Small businesses cannot do that. They are at a competitive disadvantage but not due to poor business decisions on their part. They’re losing thousands because of a cyberattack on the government distributor.

It’s similar to the Chinese-style authoritarian lockdowns Western leaders imposed on the populace in 2020 and 2021. The intent may have been “public health,” but the result was small businesses shutting their doors forever. At the same time, large companies like Amazon made record profits.

As economist Thomas Sowell wrote, “Much of the social history of the Western world over the past three decades has involved replacing what worked with what sounded good.”

What works is private enterprise. What works is entrepreneurs competing with each other for customers. And with private property rights. The ability to conduct your business without some government bureaucrat breathing down your neck.

But when it comes to cannabis, Ontario went with what they thought sounded good. Government regulation, government distribution and government health and safety.

Or, to quote Sowell again, “It is hard to imagine a more stupid or more dangerous way of making decisions than by putting those decisions in the hands of people who pay no price for being wrong.” 

The OCS will pay no price for this cyberattack. No one is losing their job. If anything, they’ll receive more taxpayer money to fend off future cyberattacks. 

Solutions to the OCS Monopoly 

Nima Derak of Leafythings calls the latest OCS cyberattack “disastrous.”

“Local Canadian cannabis growers and farmers have made up the independent supply chain for 40+ years,” she said. “They are members of the public, they are Canadians, and they have been neglected and removed from the current process. Canada is to marijuana cultivation as Belgium is to chocolate. Over-regulation and financial barriers coupled with monopolization of the cannabis supply chain in Ontario is causing major distress to independent Canadian growers and retailers and is locking them out from operating successfully.”

Adding, “The role of government should be held to regulating cannabis, not creating an unnecessary role as the distribution middle man.”
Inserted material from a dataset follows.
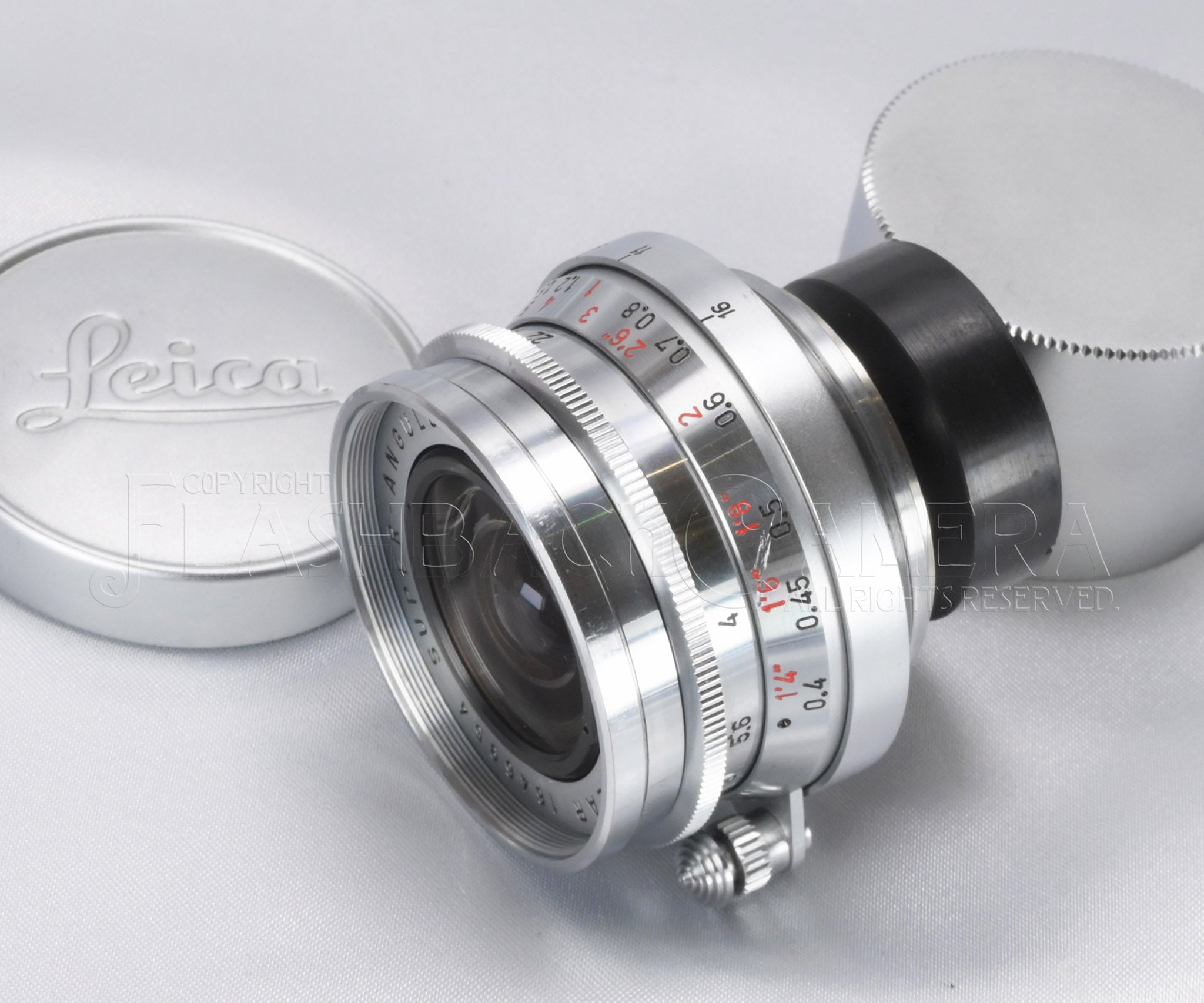 スーパー・アンギュロン 21mm f4、オリジナル・ライカスクリューマウント。オリジナル Lマウントは製造本数1462本とやや稀少です。ライツの製品コードはSUOON、後に11002K。

“It is not in the benefit of the Canadian taxpayer to take an industry that already existed, ignore it, and put a new system in place that ignores the other 50% of consumers. Let’s call it as it is: the OCS as the sole monopoly distributor and online store has acted only as another broken and redundant arm of the government.”

Nima Derak said she’d like to see a system where companies order directly from independent manufacturers. She says a system resembling how grocers get their food should be the goal. Some food goods come from the manufacturer. Others come from various, multiple, and competitive food centres.

“There is no way to put this in a politically correct fashion,” Derak says. “Cannabis is proven to be safer than many non-regulated household goods and medications, and it is time we start acknowledging this.”

OCS Response 

OCS - Ontario Cannabis Store

OCS has not responded to CLN’s requests as of this publication.

However, OCS CEO David Lobo did release a statement:

“Our focus is now on working our way through the backlog of wholesale orders and getting trucks on the road delivering to Ontario‘s authorized retailers who count on us.”

“We are working urgently around the clock to get products on the shelves of as many retailers as quickly as possible. We again apologize to our retail customers for this disruption and are taking every measure to fulfil and ship orders promptly.”

In other words: we’re sorry you feel that way.

That’s not a genuine apology. And unless Mr. Lobo is visiting Premier Doug Ford with plans to dismantle the OCS monopoly, many cannabis small-business retailers don’t want to hear it.

The OCS monopoly has lived out its usefulness. If it was ever useful, to begin with.